Nuestra era está marcada por un concepto transversal a todos los seres humanos: la productividad. Esta dejó de limitarse al ámbito laboral y comenzó a colonizar cada rincón de la vida cotidiana. Ya no se trata solo de trabajar mejor, sino de justificar cada acción con un propósito medible, visible y útil. En ese tránsito silencioso, el descanso empezó a perder legitimidad frente a la exigencia constante de rendir.
La licenciada en Publicidad Agus Cabaleiro propone detenerse a observar este fenómeno cultural que atraviesa generaciones. Desde hacer la cama hasta leer un libro o elegir un hobby, la productividad se volvió un mandato que redefine la relación con el tiempo, el ocio y el propio valor personal.
Productividad: Cuando todo tiene que servir para algo

La idea de que cada gesto cotidiano debe traducirse en productividad se instaló de manera casi imperceptible. Tendemos la cama porque “ordena la mente”, leemos para “mejorarnos” y viajamos pensando en el contenido que vamos a generar. El hacer dejó de ser suficiente si no produce un resultado tangible, una mejora o una ventaja competitiva.
En ese contexto, los hobbies también quedaron atrapados en la lógica del rendimiento. Actividades históricamente asociadas al disfrute hoy se evalúan según su utilidad. La productividad transforma la cerámica en emprendimiento, la lectura en desafío anual y el descanso en una herramienta para rendir mejor después. Lo que no se puede medir, parece no contar.

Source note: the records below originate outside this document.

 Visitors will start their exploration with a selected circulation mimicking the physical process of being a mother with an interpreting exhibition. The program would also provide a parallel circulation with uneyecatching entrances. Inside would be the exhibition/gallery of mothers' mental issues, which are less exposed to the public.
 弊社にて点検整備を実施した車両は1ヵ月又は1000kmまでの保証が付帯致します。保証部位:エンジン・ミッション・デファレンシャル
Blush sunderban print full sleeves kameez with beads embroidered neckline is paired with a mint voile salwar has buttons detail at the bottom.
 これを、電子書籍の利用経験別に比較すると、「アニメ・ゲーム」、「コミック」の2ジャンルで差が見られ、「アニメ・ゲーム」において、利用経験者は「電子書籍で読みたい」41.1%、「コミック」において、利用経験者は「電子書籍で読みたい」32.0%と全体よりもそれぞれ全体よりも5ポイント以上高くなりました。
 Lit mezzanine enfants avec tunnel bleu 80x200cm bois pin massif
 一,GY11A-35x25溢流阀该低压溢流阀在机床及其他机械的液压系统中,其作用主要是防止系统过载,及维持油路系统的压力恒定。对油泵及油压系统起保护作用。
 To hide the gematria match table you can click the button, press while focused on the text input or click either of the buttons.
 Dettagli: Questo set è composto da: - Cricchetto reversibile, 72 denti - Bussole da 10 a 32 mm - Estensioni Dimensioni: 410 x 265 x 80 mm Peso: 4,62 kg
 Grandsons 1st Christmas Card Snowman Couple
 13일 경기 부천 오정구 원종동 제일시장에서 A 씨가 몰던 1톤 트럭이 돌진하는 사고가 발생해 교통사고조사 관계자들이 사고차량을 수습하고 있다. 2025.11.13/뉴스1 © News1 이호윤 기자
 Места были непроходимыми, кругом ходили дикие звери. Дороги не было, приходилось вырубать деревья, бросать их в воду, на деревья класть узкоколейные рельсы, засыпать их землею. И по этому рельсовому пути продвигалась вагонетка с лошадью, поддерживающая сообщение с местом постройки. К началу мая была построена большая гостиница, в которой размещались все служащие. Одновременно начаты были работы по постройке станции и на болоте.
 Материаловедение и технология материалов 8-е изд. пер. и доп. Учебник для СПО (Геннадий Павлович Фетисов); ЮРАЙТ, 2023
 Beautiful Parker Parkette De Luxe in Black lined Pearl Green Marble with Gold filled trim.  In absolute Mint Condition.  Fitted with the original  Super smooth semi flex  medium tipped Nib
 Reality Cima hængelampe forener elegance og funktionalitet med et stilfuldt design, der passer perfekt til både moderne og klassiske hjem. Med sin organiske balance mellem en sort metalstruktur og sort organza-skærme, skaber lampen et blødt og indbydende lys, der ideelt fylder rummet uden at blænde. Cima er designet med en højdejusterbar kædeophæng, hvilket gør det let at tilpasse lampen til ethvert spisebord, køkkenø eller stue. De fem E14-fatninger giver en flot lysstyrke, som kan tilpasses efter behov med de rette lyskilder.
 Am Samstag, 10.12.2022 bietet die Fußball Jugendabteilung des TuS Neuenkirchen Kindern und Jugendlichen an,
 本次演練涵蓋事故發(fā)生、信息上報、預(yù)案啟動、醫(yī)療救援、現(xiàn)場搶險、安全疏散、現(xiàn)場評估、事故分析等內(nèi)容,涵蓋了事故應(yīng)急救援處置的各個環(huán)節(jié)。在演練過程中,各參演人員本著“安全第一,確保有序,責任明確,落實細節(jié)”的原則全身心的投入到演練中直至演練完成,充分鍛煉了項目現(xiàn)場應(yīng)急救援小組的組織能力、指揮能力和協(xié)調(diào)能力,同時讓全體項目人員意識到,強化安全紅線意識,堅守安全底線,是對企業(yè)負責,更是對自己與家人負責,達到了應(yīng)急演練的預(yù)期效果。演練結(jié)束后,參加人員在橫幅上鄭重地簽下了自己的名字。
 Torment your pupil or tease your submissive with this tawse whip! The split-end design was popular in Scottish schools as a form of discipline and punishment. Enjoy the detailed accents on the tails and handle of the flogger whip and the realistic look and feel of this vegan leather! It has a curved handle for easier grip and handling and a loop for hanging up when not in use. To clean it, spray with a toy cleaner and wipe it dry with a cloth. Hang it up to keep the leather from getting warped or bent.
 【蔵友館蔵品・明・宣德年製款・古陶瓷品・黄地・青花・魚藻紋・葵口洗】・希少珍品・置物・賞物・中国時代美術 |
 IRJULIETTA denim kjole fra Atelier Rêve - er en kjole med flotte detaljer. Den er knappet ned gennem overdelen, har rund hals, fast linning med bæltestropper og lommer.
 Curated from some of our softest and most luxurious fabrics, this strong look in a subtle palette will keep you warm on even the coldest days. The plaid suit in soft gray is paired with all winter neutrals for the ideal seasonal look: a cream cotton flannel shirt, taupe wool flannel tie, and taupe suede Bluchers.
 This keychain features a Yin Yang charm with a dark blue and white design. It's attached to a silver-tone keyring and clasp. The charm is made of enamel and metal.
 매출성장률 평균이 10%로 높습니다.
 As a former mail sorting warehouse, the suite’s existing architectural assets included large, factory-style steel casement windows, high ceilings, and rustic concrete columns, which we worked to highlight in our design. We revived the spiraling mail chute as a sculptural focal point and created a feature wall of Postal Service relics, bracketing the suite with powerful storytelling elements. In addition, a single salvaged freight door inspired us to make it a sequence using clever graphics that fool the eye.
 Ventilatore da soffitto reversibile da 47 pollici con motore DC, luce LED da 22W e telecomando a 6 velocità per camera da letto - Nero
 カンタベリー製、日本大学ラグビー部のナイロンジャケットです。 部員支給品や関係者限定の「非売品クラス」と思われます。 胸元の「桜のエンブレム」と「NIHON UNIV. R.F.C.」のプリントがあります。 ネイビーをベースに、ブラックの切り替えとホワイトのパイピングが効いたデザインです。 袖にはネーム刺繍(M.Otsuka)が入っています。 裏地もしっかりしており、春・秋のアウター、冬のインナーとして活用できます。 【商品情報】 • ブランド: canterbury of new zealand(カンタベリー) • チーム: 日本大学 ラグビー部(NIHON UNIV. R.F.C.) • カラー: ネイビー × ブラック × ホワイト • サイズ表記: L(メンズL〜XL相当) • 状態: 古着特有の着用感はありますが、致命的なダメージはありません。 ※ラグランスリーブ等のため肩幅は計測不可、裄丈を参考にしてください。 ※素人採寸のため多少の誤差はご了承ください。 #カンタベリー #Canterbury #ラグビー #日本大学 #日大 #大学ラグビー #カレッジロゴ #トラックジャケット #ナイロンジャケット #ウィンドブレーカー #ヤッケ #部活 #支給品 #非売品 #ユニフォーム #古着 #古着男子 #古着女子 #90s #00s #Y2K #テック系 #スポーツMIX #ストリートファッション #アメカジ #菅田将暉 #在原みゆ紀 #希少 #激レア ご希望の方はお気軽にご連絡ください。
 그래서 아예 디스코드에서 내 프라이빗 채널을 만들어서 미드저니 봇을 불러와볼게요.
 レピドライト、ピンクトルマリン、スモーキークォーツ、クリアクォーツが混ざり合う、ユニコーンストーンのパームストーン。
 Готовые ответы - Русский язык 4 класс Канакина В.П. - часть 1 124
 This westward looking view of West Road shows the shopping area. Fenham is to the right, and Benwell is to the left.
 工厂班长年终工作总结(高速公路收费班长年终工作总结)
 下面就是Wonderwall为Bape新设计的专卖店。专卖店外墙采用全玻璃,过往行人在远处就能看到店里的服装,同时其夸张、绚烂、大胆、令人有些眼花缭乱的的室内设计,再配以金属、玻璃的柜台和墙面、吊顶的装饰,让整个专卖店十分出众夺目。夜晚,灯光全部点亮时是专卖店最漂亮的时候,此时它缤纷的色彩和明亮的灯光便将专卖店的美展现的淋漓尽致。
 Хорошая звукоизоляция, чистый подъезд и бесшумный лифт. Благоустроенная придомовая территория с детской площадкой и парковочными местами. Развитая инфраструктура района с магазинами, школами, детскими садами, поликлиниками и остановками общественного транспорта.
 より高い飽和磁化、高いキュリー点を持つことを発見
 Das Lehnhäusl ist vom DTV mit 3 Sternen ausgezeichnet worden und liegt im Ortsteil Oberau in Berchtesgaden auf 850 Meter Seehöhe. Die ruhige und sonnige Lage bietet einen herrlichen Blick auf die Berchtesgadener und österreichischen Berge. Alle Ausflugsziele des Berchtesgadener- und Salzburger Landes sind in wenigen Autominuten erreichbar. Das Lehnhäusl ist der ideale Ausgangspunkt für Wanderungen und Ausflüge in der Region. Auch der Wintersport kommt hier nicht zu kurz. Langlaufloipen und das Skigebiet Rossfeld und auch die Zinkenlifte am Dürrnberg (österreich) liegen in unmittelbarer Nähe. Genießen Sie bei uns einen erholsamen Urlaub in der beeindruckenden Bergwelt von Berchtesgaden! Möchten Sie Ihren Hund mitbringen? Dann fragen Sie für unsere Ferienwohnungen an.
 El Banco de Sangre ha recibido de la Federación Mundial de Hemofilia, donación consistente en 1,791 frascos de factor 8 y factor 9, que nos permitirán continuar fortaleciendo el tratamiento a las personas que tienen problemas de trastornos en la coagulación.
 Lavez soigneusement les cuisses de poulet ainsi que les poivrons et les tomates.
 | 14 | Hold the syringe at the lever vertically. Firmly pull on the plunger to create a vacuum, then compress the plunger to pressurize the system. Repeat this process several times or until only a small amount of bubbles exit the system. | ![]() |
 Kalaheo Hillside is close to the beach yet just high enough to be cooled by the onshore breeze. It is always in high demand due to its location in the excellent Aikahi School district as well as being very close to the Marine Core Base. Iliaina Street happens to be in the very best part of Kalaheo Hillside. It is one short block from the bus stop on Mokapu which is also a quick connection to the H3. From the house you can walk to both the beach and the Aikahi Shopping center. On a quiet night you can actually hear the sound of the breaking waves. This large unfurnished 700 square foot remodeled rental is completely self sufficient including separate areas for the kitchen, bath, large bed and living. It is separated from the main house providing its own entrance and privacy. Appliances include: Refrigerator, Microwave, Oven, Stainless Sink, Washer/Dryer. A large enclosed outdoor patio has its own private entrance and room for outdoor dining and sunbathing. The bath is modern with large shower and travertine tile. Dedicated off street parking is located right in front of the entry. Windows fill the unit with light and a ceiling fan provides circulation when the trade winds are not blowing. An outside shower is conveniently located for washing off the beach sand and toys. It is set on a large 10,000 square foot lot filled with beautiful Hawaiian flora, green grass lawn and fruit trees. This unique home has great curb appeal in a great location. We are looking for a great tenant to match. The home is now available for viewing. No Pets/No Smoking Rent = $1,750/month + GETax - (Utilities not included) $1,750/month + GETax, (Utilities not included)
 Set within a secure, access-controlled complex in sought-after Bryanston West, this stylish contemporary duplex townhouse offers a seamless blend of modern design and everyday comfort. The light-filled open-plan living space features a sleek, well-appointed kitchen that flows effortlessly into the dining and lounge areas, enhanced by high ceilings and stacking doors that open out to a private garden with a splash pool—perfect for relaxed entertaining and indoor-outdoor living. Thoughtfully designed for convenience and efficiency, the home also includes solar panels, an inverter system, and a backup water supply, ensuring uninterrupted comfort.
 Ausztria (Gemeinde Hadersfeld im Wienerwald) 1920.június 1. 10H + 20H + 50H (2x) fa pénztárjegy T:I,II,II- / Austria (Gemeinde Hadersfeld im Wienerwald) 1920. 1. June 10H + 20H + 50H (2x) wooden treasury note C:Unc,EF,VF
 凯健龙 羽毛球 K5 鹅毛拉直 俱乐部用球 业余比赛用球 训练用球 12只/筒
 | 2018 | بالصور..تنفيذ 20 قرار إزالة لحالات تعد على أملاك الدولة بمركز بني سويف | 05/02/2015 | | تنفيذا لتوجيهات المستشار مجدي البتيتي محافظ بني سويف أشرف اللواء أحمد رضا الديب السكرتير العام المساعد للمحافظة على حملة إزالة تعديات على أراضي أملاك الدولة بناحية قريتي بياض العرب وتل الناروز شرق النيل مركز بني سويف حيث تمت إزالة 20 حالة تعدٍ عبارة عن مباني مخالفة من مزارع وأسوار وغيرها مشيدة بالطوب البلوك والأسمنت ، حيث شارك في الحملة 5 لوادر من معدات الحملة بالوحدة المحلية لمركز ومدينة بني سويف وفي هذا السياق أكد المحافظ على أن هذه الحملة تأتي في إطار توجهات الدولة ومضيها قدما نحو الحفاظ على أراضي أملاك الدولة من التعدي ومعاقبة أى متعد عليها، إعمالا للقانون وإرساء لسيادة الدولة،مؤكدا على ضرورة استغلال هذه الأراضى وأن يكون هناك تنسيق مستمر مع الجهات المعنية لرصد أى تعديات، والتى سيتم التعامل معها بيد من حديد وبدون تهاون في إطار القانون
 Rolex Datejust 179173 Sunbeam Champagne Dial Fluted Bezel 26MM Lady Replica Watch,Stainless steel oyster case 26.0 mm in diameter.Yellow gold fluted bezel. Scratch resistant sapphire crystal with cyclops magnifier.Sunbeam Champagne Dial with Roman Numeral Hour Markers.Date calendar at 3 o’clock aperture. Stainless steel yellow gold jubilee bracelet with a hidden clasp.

Esta mirada no es nueva. Investigaciones históricas señalan que, con la industrialización, el tiempo empezó a concebirse como un recurso finito. Desde entonces, la productividad dejó de ser una ayuda para organizar tareas y pasó a definir la forma en que se valora cada minuto de la jornada.
Generaciones cansadas de correr sin llegar
Las diferencias generacionales revelan matices, pero no un quiebre total. Mientras los baby boomers y la generación X crecieron creyendo que la productividad garantizaba progreso, estabilidad y sentido, los millennials quedaron atrapados entre esa promesa y una realidad económica más incierta. Aun así, muchos siguieron apostando al esfuerzo como camino.
La generación Z, en cambio, muestra un mayor descreimiento. Para ellos, la productividad aparece más ligada a la supervivencia que a la realización personal. El trabajo ya no define identidad ni asegura bienestar. De allí que el sueño no sea “trabajar de lo que amas”, sino simplemente no vivir agotado por sistemas que no devuelven lo prometido.
Las redes sociales y la tecnología profundizaron este escenario. La exigencia de crear, optimizar y estar siempre activo eleva la vara de la productividad, incluso cuando se incorporan herramientas como la inteligencia artificial. Lejos de liberar tiempo, muchas veces multiplican tareas y refuerzan la sensación de no llegar nunca.
En este marco, revisar el vínculo con la productividad se vuelve urgente. No para negarla, sino para devolverle su lugar original: una herramienta y no un credo. Descansar sin culpa, disfrutar sin medir y aceptar los límites humanos puede ser, paradójicamente, el gesto más saludable frente a una carrera que no tiene línea de llegada.